本願商標は、「プライムパレット」の文字を標準文字で書してなり、第19類「床材(金属製のものを除く。),壁材(金属製のものを除く。),建築用壁用被覆材(金属製のものを除く。),天井板(金属製のものを除く。),火山性ガラス質複層板,ロックウール製建築用又は建築用の専用材料,合板,建築材料(金属製のものを除く。),陶磁製建築専用材料・れんが及び耐火物,リノリューム製建築専用材料,プラスチック製建築専用材料,合成建築専用材料,アスファルト及びアスファルト製の建築用又は構築用の専用材料,ゴム製の建築用又は構築用の専用材料,しっくい,石灰製の建築用又は構築用の専用材料,石こう製の建築用又は構築用の専用材料,繊維製の落石防止網,建造物組立てセット(金属製のものを除く。),セメント及びその製品,木材,建具(金属製のものを除く。),鉱物性基礎材料」を指定商品として、平成21年7月2日に登録出願されたものである。

2 原査定の拒絶の理由の要点

原査定は、「本願商標は、『パレット』の称呼を生ずる登録第4063396号、第4501786号、第4682153号及び第5092588号の各商標(以下「引用商標」という。)と同一又は類似の商標であって、同一又は類似の商品について使用をするものであるから、商標法第4条第1項第11号に該当する。」旨認定、判断し、本願を拒絶したものである。

3 当審の判断

本願商標は、前記1のとおり、「プライムパレット」の文字からなるところ、その構成各文字は、外観上まとまりよく一体的に表されているものであり、また、これより生ずる「プライムパレット」の称呼も、冗長というべきものではなく、無理なく一連に称呼し得るものである。

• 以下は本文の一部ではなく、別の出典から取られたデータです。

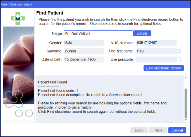 If no patient match is found, Pharmacy Manager suggests a further search without using the first name and postcode as search criteria.

そして、たとえ、「プライム」の文字が「最も重要なさま。最良の。」を意味する語であるとしても、かかる構成にあっては、本願商標に接する取引者、需要者をして、殊更に前半部の「プライム」の文字部分を省略して、後半部の「パレット」の文字部分のみに着目し、当該文字部分から生ずる称呼をもって取引に当たるというよりも、むしろ、その構成全体をもって一体不可分のものと認識、把握し、商取引に当たるものとみるのが自然である。

そうとすると、本願商標は、その構成文字全体に相応して、「プライムパレット」の称呼のみを生ずるものと判断するのが相当である。

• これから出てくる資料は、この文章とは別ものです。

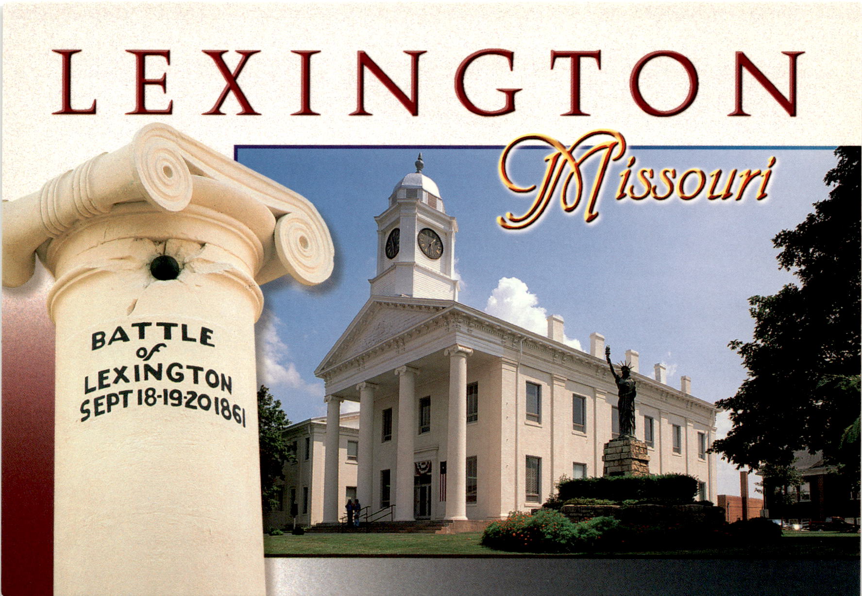 This postcard depicts the Battle of Lexington that took place on September 18-19, 1861 in Lexington, Missouri. The Missouri State Guard troops were victorious over the Union troops and captured the Missouri River port of Lexington. Visitors to this historic site can learn more about this significant Civil War battle. The postcard features photos taken by Steve Gibson and is distributed by Smith-Southwestern, Inc.

したがって、本願商標より「パレット」の称呼をも生ずるとし、その上で、本願商標と引用商標とが称呼上類似するものとして、本願商標を商標法第4条第1項第11号に該当するとした原査定は、取消しを免れない。

その他、政令で定める期間内に本願について拒絶の理由を発見しない。

よって、結論のとおり審決する。